I'm not sure if you're still working on this, but I wanted to find out more out of curiousity. As another member asked earlier, do you have the manufacturer part numbers for the relays and sensors? Is this a two wire or three wire sensor? Also, out of curiousity, do you have a copy of the PLC program for this device (if it's PLC controlled)?

I am guessing that if it is two wire, it is leaking enough and latching on after it picks up a vane and not unlatching after the vane passes. Possibly not anything simple like debris stuck to the head? Just having a copy of the program would also help to understand the operational logic behind it.

Also, I like the idea of possibly trying a resistor in parallel, BUT, am not sure if this is a good idea to void the Intrinsically safe rating of the sensor?

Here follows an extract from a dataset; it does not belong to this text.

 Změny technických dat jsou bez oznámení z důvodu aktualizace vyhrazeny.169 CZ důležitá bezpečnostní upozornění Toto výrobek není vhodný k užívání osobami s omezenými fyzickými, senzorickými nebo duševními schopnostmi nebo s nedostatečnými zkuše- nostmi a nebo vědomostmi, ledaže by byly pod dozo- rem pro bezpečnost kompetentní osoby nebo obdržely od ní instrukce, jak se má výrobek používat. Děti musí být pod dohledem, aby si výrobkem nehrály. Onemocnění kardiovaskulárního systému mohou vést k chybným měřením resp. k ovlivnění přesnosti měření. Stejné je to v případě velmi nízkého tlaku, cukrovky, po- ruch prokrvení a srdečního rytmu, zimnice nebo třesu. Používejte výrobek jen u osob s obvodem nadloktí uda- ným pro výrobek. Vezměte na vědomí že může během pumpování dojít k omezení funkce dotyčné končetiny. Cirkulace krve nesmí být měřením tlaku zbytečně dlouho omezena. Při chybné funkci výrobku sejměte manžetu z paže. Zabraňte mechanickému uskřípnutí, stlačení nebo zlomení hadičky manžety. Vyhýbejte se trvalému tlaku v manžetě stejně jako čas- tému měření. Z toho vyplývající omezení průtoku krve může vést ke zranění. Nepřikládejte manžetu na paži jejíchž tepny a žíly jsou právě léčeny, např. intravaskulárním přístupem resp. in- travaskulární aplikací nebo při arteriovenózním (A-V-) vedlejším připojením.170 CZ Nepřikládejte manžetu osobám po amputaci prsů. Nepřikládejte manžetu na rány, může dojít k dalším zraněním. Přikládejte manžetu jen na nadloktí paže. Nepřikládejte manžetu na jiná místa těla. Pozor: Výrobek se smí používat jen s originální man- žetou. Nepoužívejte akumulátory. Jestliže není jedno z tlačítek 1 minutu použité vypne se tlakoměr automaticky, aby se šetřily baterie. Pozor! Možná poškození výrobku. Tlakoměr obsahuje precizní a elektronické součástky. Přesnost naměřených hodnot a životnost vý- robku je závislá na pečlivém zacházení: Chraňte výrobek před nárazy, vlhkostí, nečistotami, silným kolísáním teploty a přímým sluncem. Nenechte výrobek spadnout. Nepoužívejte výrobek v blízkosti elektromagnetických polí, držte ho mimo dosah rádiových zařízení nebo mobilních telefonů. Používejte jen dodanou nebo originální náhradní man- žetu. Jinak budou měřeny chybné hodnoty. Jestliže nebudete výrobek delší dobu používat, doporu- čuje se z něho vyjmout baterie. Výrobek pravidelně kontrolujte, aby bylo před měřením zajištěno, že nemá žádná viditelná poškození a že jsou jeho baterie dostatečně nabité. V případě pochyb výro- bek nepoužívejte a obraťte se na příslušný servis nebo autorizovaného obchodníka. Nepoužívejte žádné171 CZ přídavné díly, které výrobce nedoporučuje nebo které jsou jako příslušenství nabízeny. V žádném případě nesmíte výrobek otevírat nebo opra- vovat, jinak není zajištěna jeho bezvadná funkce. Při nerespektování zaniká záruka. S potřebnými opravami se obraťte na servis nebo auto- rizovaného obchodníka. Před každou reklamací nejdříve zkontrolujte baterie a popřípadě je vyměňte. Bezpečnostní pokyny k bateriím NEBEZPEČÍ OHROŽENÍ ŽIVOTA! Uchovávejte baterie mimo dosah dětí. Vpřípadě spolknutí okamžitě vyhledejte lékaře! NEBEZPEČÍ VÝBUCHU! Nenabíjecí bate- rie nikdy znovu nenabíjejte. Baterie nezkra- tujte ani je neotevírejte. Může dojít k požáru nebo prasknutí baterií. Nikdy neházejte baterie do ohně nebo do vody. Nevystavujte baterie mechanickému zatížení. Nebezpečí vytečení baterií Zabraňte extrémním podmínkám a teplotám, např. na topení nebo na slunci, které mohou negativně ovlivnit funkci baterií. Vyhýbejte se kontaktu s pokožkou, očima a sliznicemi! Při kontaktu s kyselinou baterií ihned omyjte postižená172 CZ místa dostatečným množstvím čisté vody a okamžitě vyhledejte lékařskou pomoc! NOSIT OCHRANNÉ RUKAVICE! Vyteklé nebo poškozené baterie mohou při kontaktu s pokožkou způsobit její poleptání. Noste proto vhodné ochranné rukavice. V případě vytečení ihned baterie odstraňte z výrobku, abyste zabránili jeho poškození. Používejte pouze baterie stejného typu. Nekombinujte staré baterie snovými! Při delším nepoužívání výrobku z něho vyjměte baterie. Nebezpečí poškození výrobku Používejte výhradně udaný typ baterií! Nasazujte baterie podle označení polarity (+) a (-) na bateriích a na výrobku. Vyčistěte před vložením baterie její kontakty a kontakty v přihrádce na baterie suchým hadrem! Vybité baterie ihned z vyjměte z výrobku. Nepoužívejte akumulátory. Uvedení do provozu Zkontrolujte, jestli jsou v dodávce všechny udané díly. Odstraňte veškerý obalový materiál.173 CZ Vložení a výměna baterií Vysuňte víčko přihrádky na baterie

What kind of prox switch is this? Inductive I assume? The more info the better, I would enjoy finding out the what the solution is to this.


----------



## buddhakii (Jan 13, 2011)

LogixElectrician84 said:


> Hi buddhakii,
> 
> I'm not sure if you're still working on this, but I wanted to find out more out of curiousity. As another member asked earlier, do you have the manufacturer part numbers for the relays and sensors? Is this a two wire or three wire sensor? Also, out of curiousity, do you have a copy of the PLC program for this device (if it's PLC controlled)?
> 
> ...


I tried to find the part # for the sensor but no one can seem to come up with one. I don't have a copy of the program but if I understand it correctly it is a discreet input into the plc from the iso. relay from N.C. contacts. The plc looks for a pulsed siglnal from the relay and if it doesn't see a pulsed signal in a certain amount of time it shuts the motor down and sends an alarm. As far as the kind of prox switch it is I couldn't even tell you that. It looks magnetic to me but don't know for sure. I tried to get more info on it but at this point I am just leaving it up to the engineer. I know the engineer and GC are in a bit of a battle over the whole thing on how they are going to make it right and this is a battle I am staying out of. Wish I could give you more info but at this point I am pretty much done with it. I've already spent too much time on a design flaw that needs a design fix and I am not a designer.


----------



## LogixElectrician84 (Dec 7, 2012)

buddhakii said:


> I tried to find the part # for the sensor but no one can seem to come up with one. I don't have a copy of the program but if I understand it correctly it is a discreet input into the plc from the iso. relay from N.C. contacts. The plc looks for a pulsed siglnal from the relay and if it doesn't see a pulsed signal in a certain amount of time it shuts the motor down and sends an alarm. As far as the kind of prox switch it is I couldn't even tell you that. It looks magnetic to me but don't know for sure. I tried to get more info on it but at this point I am just leaving it up to the engineer. I know the engineer and GC are in a bit of a battle over the whole thing on how they are going to make it right and this is a battle I am staying out of. Wish I could give you more info but at this point I am pretty much done with it. I've already spent too much time on a design flaw that needs a design fix and I am not a designer.


Hahaha, okay, I guess sometimes people get stuck in the middle of bad decisions. Thanks for the response though.


----------



## Netree (Sep 3, 2011)

Could there be a protrusion issue with this new sensor? Some for example cannot be flush-mounted in metal because the sides of the sensor will pick up the surrounding metal as well. Is it possible to observe the state of the sensor as you slowly put it in place?

Is the sensor of the wrong type? NPN vs PNP? Many questions yet need answers.


----------



## buddhakii (Jan 13, 2011)

Old thread but still an ongoing issue. I guess I do have to be the design team on this one. So I found a rotational speed monitor that seems like it will work. It is a turck mk21-122. I hooked this up at the beginning of all this and it seemed like it would have worked, but after asking my pm to do a little research to see if it was rated to be in a class 1 div 2 area he came back and said no, rip it out, the engineer will figure it out. Well, now that that pos pm quit I did my own research and found that this apparatus is rated for the area. The only problem I'm having is figuring out exactly how to program it. This auger runs on a timed mode and when it runs the plc wants to see an input to know that the auger is turning. If it is not turning it should send an alarm so someone has to come check it. This thing seems to have all sorts of functions but I don't think I need to worry about a lot of them. Cmon Jraef, I need your help on this one buddy


----------



## Jlarson (Jun 28, 2009)

Does it have an underspeed set point? Set that, when the auger is not turning the monitor will be outputting an alarm with whatever output the thing has to the PLC, if the PLC is calling for the auger and the alarm from the monitor is still true it isn't turning. Not perfect but ok.


----------



## sparkywannabee (Jan 29, 2013)

The sensor they supplied you with is the best design for this kind of setup, you really need to get the make and part# from the supplier, find the manual online, when you say dip switches are for open/short circuit, what does that mean. I have come across sensors that have a time delay depending on how you use those switches. If you have a scope, the signal wire should have a sq. wave or pretty close to it, and this should drop out when the sensor sees nothing. If you had npn or pnp mixed up, it should'nt work at all. Good luck.


----------